L'université Lyon 1 frappe fort dès la rentrée avec une murder party géante sur tout le campus. // ©  Université Lyon 1
Pour recruter leurs futurs étudiants, universités et écoles redoublent d'imagination. Live escape, magazine bilingue à destination des étudiants étrangers, escape game commencé sur les réseaux sociaux… Retour sur trois campagnes de communication distinguées en 2018 pour leur originalité et leur efficacité.

Visite de campus : les zombies attaquent !

Pour guérir, les étudiants contaminés devaient retrouver des indices sur le campus de Lyon 1.  // © Université Lyon 1
Pour guérir, les étudiants contaminés devaient retrouver des indices sur le campus de Lyon 1. // © Université Lyon 1

En septembre 2018, l’université Claude-Bernard Lyon 1 a organisé un live escape géant sur le thème des zombies.

La semaine précédant la rentrée, les 400 étudiants de la L1 STS (sciences, technologie, santé) étaient conviés à un live escape géant : un jeu d’évasion de plein air sur tout le campus, sans contrainte de temps, dont le thème était… les zombies attaquent ! "Le jour même, ils ne savaient pas où ils arrivaient, se souvient Béatrice Dias, la directrice de la communication. Nous les avons mis en équipe en amphi, puis nous leur avons tamponné le bras en leur disant : ‘nous venons de vous inoculer un virus. Vous avez trois solutions : guérir, mourir ou faire muter le virus pour devenir un ou une super-héros ou super-héroïne'."
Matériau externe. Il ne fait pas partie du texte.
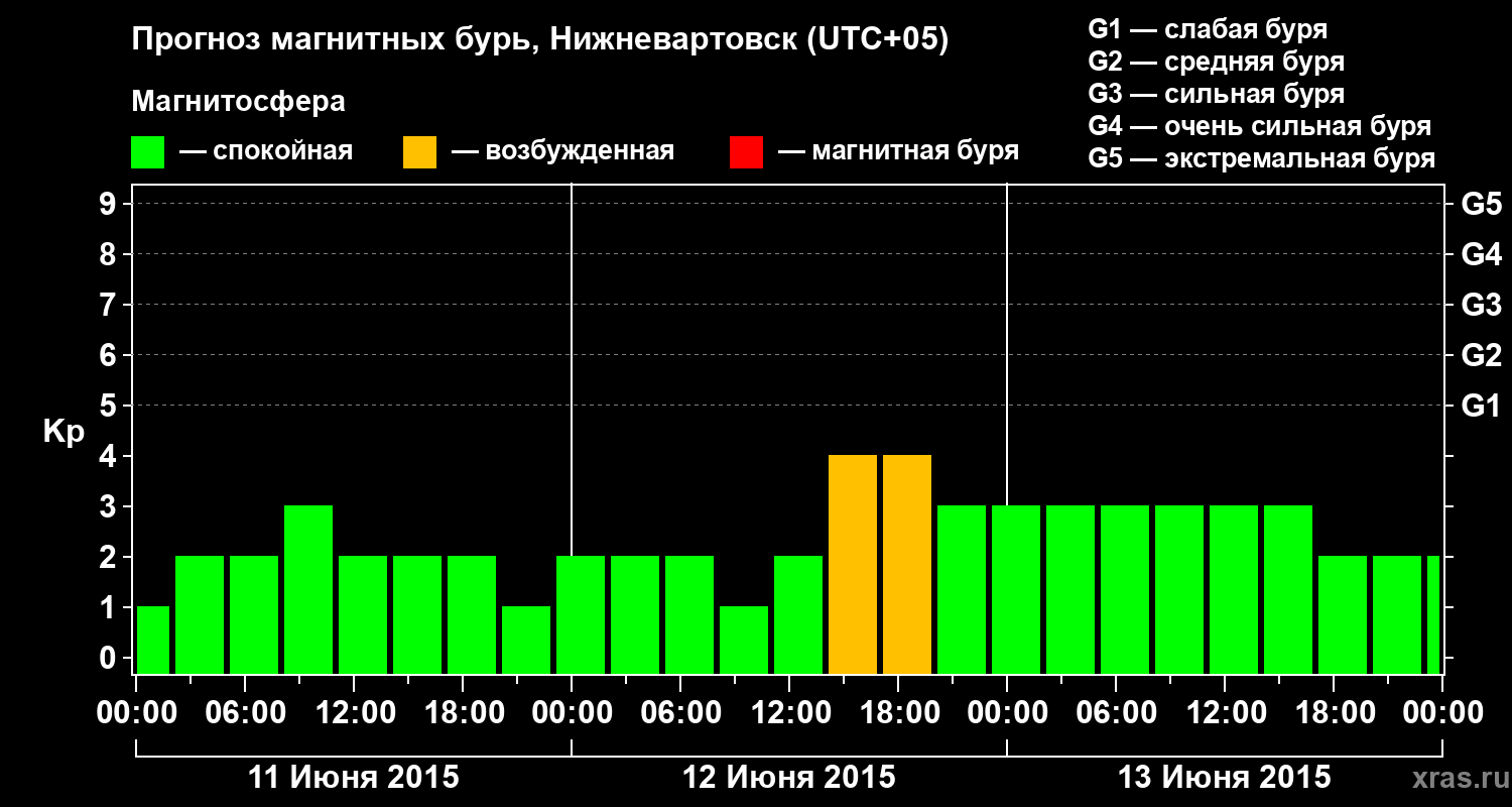 Прогноз магнитных бурь в Нижневартовске на 11 июня 2015 года

Les indices qui leur permettaient de guérir étaient disséminés sur le campus. Un "médecin" zombie rôdait et contaminait les participants. Les contaminés ne pouvaient pas aller au bout du jeu, mais pouvaient recevoir un lot si leur équipe gagnait.

Une équipe de maquilleurs professionnels transformait les étudiants au fur et à mesure de leur contamination. "Certains faisaient exprès de se faire attraper pour se faire maquiller ! sourit Béatrice Dias. Par conséquent, les délais pour devenir un zombie étaient trop longs…"

Pour l’université, il s’agissait de casser les codes de la traditionnelle visite du campus. En plus de favoriser l’esprit de groupe et la convivialité, le but était de faire découvrir aux nouveaux étudiants le campus et les services auxquels ils feraient appel au cours de leurs études : le laboratoire de langues, les services d’orientation, le service culture, le bureau de la vie étudiante, la médecine préventive, la bibliothèque, etc.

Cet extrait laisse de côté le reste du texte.